4. For more details about the job, such as the successful task and the number of attempts made to each task, run the following command.
$ Bin/hadoop job-history all output-Dir
5. Format a New Distributed File System:
$ Bin/hadoop namenode-format
6. On the assigned namenode, run the following command to start HDFS:
$ Bin/start-dfs.sh
The bin/start-dfs.sh script starts the datanode daemon on all listed slave instances with reference to the content of the $ {hadoop_conf_dir}/slaves file on namenode.
7. On the assigned jobtracker, run the following command to start MAP/reduce:
$ Bin/start-mapred.sh
The bin/start-mapred.sh script starts the tasktracker daemon on all listed slave instances with reference to the content of the $ {hadoop_conf_dir}/slaves file on jobtracker.
8. On the assigned namenode, run the following command to stop HDFS:
$ Bin/stop-dfs.sh
The bin/stop-dfs.sh script stops the datanode daemon on all listed slave instances by referring to the content of the $ {hadoop_conf_dir}/slaves file on namenode.
9. On the assigned jobtracker, run the following command to stop MAP/reduce:
$ Bin/stop-mapred.sh
The bin/stop-mapred.sh script stops the tasktracker daemon on all listed slave instances by referring to the content of the $ {hadoop_conf_dir}/slaves file on jobtracker.

Dfsshell
10. Create a directory named/foodir.
$ Bin/hadoop DFS-mkdir/foodir
11. Create a directory named/foodir
$ Bin/hadoop DFS-mkdir/foodir
12. view the file content named/foodir/myfile.txt.
$ Bin/hadoop DFS-CAT/foodir/myfile.txt

Dfsadmin
13. Place the cluster in Security Mode
$ Bin/hadoop dfsadmin-safemode enter
14. display the datanode list
$ Bin/hadoop dfsadmin-Report
15. Retire datanode node datanodename
$ Bin/hadoop dfsadmin-decommission datanodename
16. The bin/hadoop dfsadmin-HELP command can list all currently supported commands. For example:
*-Report: Reports basic HDFS statistics.

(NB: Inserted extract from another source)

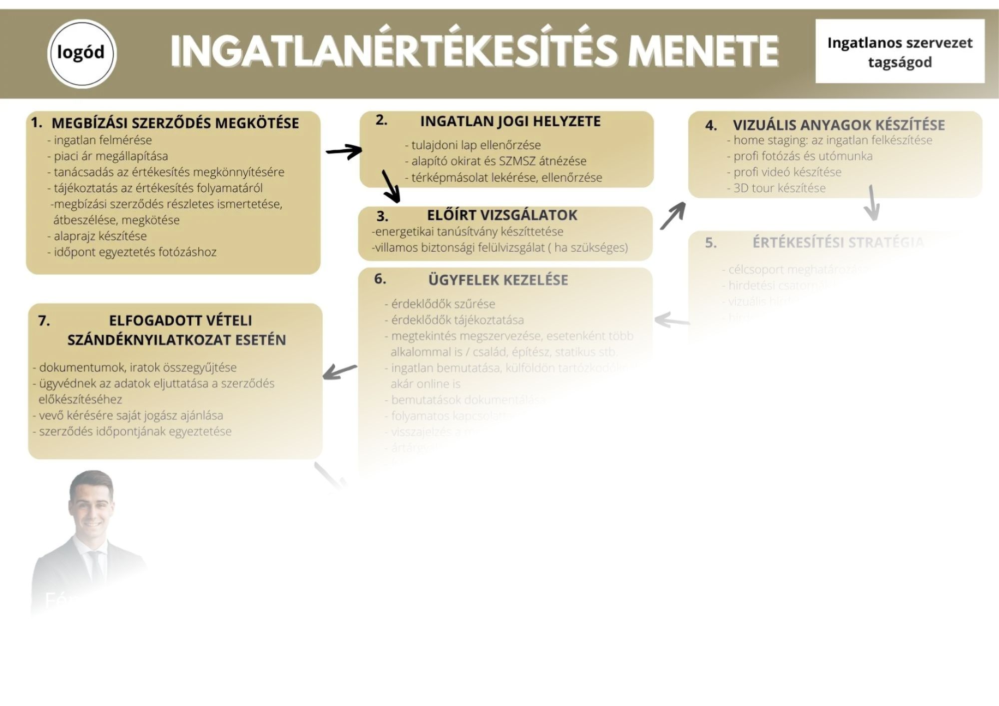 Egy jól felépített, vizuálisan átlátható anyag nemcsak profizmust sugároz, hanem bizalmat is épít a megbízóval. Segít megérteni, pontosan mi történik az értékesítés során, milyen lépések várhatók, és milyen értéket képvisel a közvetítő munkája. Így az ügyfél nem érzékeli az értékesítés menetét bizonytalannak vagy kiszámíthatatlannak – sokkal inkább kiszámíthatónak és professzionálisnak. Ez nemcsak megerősíti a megbízást, de növeli az elégedettséget és a további ajánlások esélyét is.

Some information can also be seen on the namenode Web Service Homepage.
*-Safemode: Although not required, the administrator can manually enter or exit the security mode.

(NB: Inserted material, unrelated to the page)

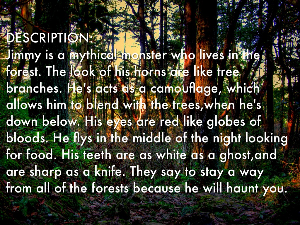 Jimmy is a mythical monster who lives in the forest. The look of his horns are like tree branches. He's acts as a camouflage, which allows him to blend with the trees,when he's down below. His eyes are red like globes of bloods. He flys in the middle of the night looking for food. His teeth are as white as a ghost,and are sharp as a knife. They say to stay a way from all of the forests because he will haunt you.

*-Finalizeupgrade: deletes the cluster backup created during the last upgrade.
17. explicitly place HDFS in Security Mode
$ Bin/hadoop dfsadmin-safemode
18. Before the upgrade, the administrator needs to use the (upgrade termination operation) command to delete the existing backup files.
$ Bin/hadoop dfsadmin-finalizeupgrade
19. You need to know whether to perform the upgrade termination operation on a cluster.
$ Dfsadmin-upgradeprogress status
20. Use the-upgrade option to run the new version.
$ Bin/start-dfs.sh-Upgrade
21. If you need to return to the old version, you must stop the cluster and deploy hadoop of the old version. Use the rollback option to start the cluster.
$ Bin/start-dfs.h-rollback
22. The following new commands or options are used to support quotas. The first two are administrator commands.
* Dfsadmin-setquota <n> <directory>... <directory>
Set the quota of each directory to n. This command will try on each directory. If n is not a positive long integer, the directory does not exist or the file name, or the directory exceeds the quota, an error report will be generated.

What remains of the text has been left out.